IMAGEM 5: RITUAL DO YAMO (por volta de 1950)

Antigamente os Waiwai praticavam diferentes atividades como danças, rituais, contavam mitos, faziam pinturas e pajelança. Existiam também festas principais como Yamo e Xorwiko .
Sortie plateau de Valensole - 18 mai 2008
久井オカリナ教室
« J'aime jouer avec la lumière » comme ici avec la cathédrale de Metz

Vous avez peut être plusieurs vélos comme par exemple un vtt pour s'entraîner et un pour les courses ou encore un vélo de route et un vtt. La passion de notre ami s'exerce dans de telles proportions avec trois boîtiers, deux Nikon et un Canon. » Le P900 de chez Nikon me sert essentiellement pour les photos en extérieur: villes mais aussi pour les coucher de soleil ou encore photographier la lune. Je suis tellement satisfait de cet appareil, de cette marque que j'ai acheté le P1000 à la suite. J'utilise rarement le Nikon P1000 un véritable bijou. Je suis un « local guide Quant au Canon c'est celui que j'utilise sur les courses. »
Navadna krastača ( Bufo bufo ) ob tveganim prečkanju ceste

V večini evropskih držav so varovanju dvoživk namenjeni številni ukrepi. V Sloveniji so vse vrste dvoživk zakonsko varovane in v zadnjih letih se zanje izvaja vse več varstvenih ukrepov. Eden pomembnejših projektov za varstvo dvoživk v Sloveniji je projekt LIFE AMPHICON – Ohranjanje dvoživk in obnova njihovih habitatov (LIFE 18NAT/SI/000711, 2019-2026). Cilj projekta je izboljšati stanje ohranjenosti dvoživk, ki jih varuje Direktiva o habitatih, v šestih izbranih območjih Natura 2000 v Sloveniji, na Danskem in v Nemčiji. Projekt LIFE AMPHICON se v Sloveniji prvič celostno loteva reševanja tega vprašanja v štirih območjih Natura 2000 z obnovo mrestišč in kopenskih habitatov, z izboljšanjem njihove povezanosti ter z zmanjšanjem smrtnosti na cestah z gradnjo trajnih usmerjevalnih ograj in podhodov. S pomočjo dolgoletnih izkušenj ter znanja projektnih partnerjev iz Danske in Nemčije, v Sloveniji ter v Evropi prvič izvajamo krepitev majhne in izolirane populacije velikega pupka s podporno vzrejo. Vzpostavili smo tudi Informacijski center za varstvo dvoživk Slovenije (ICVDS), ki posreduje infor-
--
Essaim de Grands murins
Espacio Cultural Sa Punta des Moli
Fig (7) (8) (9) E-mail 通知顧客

> [What needs to be done]: Reproduce verbatim only the segment of the listing bounded by the line containing "Espacio Cultural Sa Punta des Moli" and the line containing "Fig (7) (8) (9) E-mail 通知顧客", with both boundary lines included.

> [Task result]:
Espacio Cultural Sa Punta des Moli
Fig (7) (8) (9) E-mail 通知顧客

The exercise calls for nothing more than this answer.